Queen Anne Helpline is unusual in that it serves communities that appear to be made up of only high-net-worth individuals, at least on the surface. The reality in these neighborhoods is that the invisible poor are not so invisible. They hold jobs. Their children are going to the same neighborhood schools as the affluent. They are working. The big difference between them and the affluent is that they are the new working poor. They are made poor only because their salaries haven’t risen rapidly enough to meet the escalated cost of housing. By being responsive and efficient the Helpline has helped people stay in their homes. In the long run, there is less stress on the welfare system because it takes far more government funding to support someone who is homeless than it costs to help people stay in their homes.

Typically, gentrification forces out people who can’t earn enough to stay in the neighborhood. But it’s not always that easy to relocate. “It’s very expensive to move. Securing lower cost housing might mean moving far away from work,” Moore said. “Then there are transportation and commuting issues. Children have to be moved away from their schools. It is not always possible to move a family.
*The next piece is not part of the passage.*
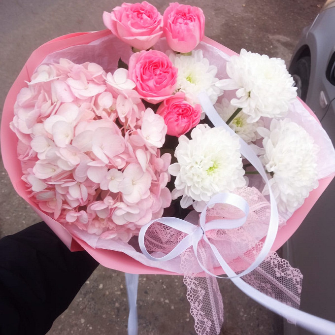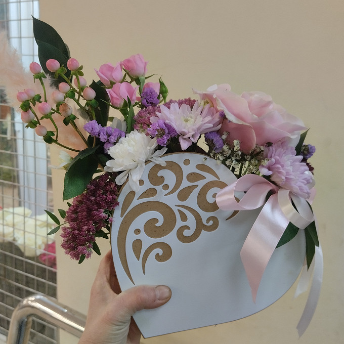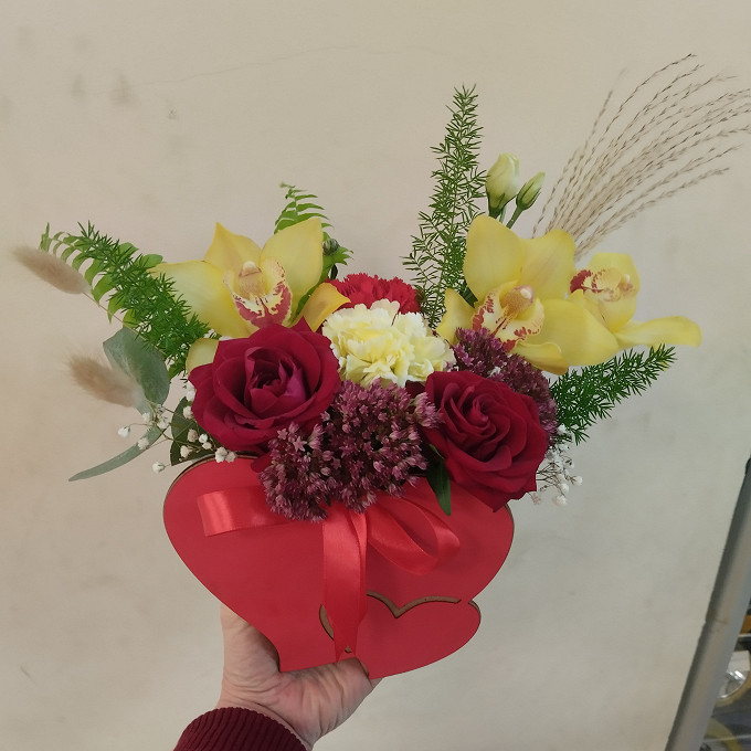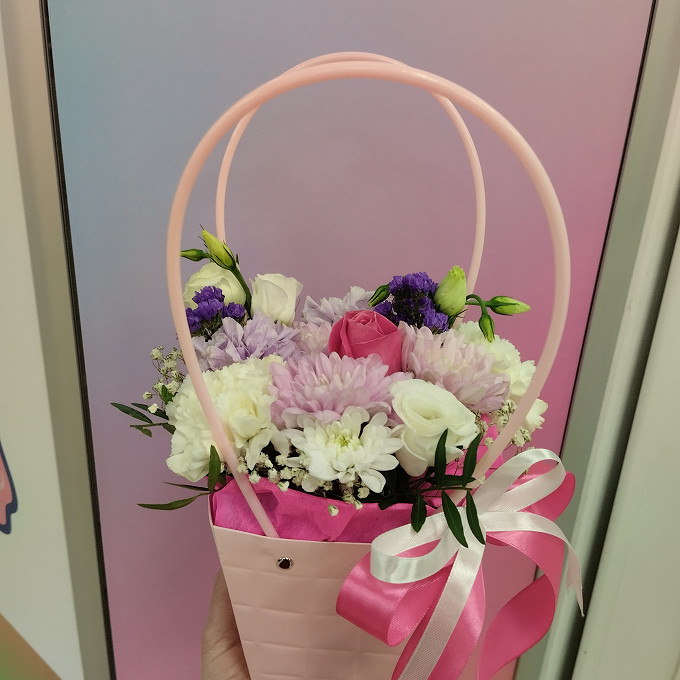 7 красных роз Кения, 40 см в розовой матовой плёнке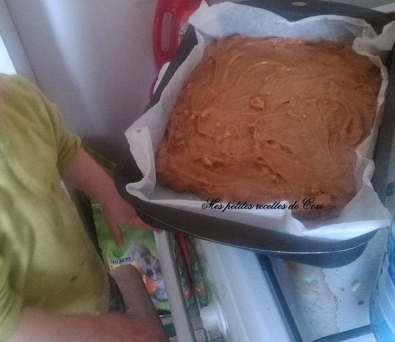 Oui je sais j'ai eu la chance de recevoir un moule à brownies de la par d'un partenaire ,mais Mr n'as pas voulus le prendre donc nous l'avons découper manuellement.

As a result, there are people living out of their cars and in storage lockers attached to apartment buildings, or couch surfing. And sometimes it’s not only individuals, but entire families.”

The Helpline delivers food to children who do not have access to square meals over the weekend when they’re not in school. Every Friday, 294 meals are distributed to kids for the weekend. Extra meals are given to kids over school break, and a new summer meal program is being developed.

The lack of affordable housing is not a priority for government on a local or national level. For many years, the trend in Washington, D.C., has been to continue to cut benefits and to give tax breaks to the wealthier end of the spectrum. Legislation is in favor of corporations and there hasn’t been a political agenda to provide enough affordable housing. There are no tax incentives for affordable housing to be built alongside more affluent housing.

“In our service area there are more than 1,400 low-income housing units and eight shelters,” Moore noted. “Mixed in with the affluent, there are a lot of people here who are struggling to avoid becoming homeless.”

A state Commerce Department report released this past January found only 15 affordable housing units in Seattle and in King County were available for every 100 low-income households.